00103335: Deep Learning and Reinforcement Learning
Course Description
As highly successful and widely applied machine learning methods, deep learning and reinforcement learning
are the core techniques underlying the latest major breakthroughs in the field of AI. Building on the
general principles and methodology of machine learning and motivated by important practical problems, this
course will introduce the basic concepts and methods, mathematical foundations and theory, optimization
algorithms, and applications and case studies of deep learning and reinforcement learning.

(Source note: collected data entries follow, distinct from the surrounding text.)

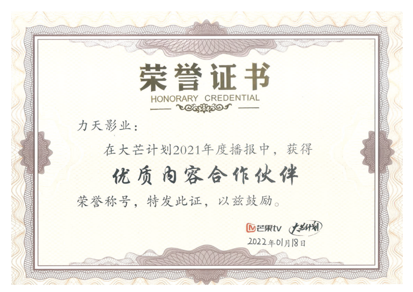
Winning Honorary Title of Quality Content Partnership in 2021

In the future, we will continue to strengthen our drama series production and distribution capabilities with the focus on producing more high-quality drama series and distributing them to leading satellite TV channels. In the meantime, more resources will be invested to actively develop and produce more web series of different genre to meet the various preferences of audiences of different age groups. Committed and professional, we will continue to improve our overall competitiveness to consolidate and enhance our position in the PRC drama series market. As the Group's primary business is drama series distribution, we do not involve recalling products for safety and health reasons.
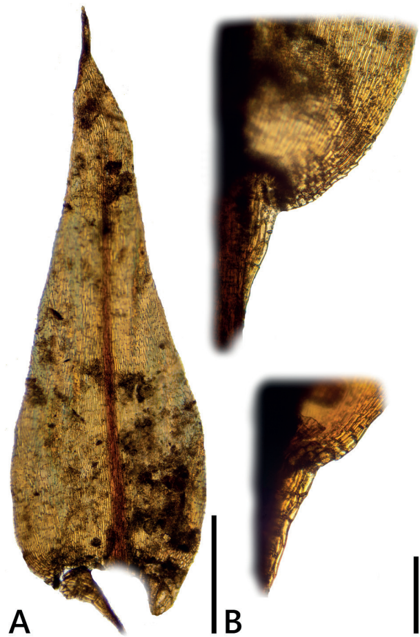
Fig. 3: Sarmentytnum tundrae from Paderborn sample no. 9 (WMNM P88099; Table 1). A Leaf. B Leaf decurrencies. Scale bars: 500 \mu m (A), 100 \mu m (B)

The fourth species that was confidently identified from the present site, Sarmentytnum tundrae , occurs in central and northern Fennoscandia, Iceland, Russia, Estonia and Latvia (and the Arctic) (Hedenäs 2003). In addition, one extant locality was recently found in the
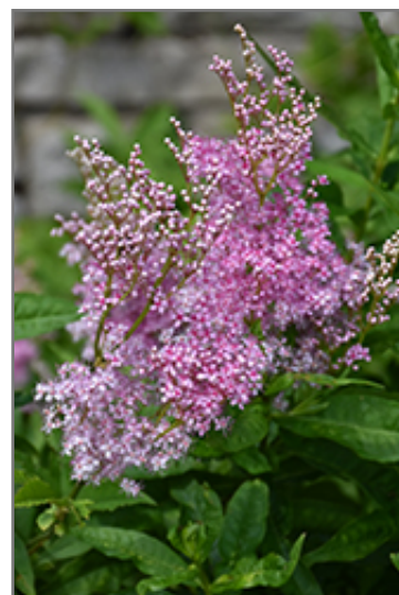
Venusta Queen Of The Prairie flowers

The part on deep
learning will cover feedforward neural networks, regularization and optimization for deep learning,
convolutional neural networks, recurrent neural networks, and autoencoders and generative models; the part
on reinforcement learning will cover multi-armed bandits, Markov decision processes, dynamic programming,
Monte Carlo methods, temporal difference learning, and deep reinforcement learning.
Syllabus
Lectures and Assignments
Week | Date | Topics | References | Assignments | Notes |
1 | 9/9 | Introduction, machine learning basics | DL Sec. 5.1 | | |
2 | 9/14 | Generalization, bias–variance trade-off | DL Secs. 5.2–5.4 | | See Belkin et al. (2019) for the double descent phenomenon and Hastie et al. (2022) for a theory in linear models. |
| 9/16 | Inference principles, feedforward networks | DL Secs. 5.4–5.11, 6.1–6.3 | | |
3 | 9/23 | Universal approximation, back-propagation | DL Secs. 6.4–6.6 | | |
4 | 9/28 | Regularization for DL, weight decay | DL Secs. 7.1–7.5 | | |
| 9/30 | Early stopping, dropout | DL Secs. 7.8–7.14 | Homework 1 | |
5 | 10/7 | Optimization for DL | DL Secs. 8.1–8.3 | | |
6 | 10/12 | Initialization, adaptive algorithms | DL Secs. 8.4–8.7 | | |
| 10/14 | Convolutional networks | DL Chap. 9 | | See He et al. (2016) for residual networks. |
7 | 10/21 | Recurrent networks | DL Chap. 10 | Homework 2 | |
8 | 10/26 | Reinforcement learning basics, multi-armed bandits | RL Chaps. 1 & 2 | | |
| 10/28 | Markov decision processes | RL Chap. 3 | | |
9 | 11/4 | Dynamic programming | RL Chap. 4 | | |
10 | 11/9 | Monte Carlo methods | RL Chap. 5 | | A recent progress on the open question about the convergence of MCES was made by Wang et al. (2022). |
| 11/11 | Temporal difference learning | RL Chap. 6, Secs. 7.1–7.3, 12.1 | Homework 3 | |
11 | 11/18 | Midterm exam | | | Mean = 43, median = 43.5, Q1 = 34, Q3 = 54.5, high score = 75 |
12 | 11/23 | Autoencoders, approximate inference | DL Chaps. 14 & 19 | | |
| 11/25 | Deep generative models | DL Chap. 20 | | For diffusion models, see Sohl-Dickstein et al. (2015) and Ho, Jain & Abbeel (2020). |
13 | 12/2 | On-policy prediction with approximation | RL Chap. 9 | | |
14 | 12/7 | On-policy control with approximation, policy gradient methods | RL Chaps. 10 & 13 | Homework 4 | |
| 12/9 | Oral presentations | | | |
15 | 12/16 | Oral presentations | | | Written report due 12/21
|
|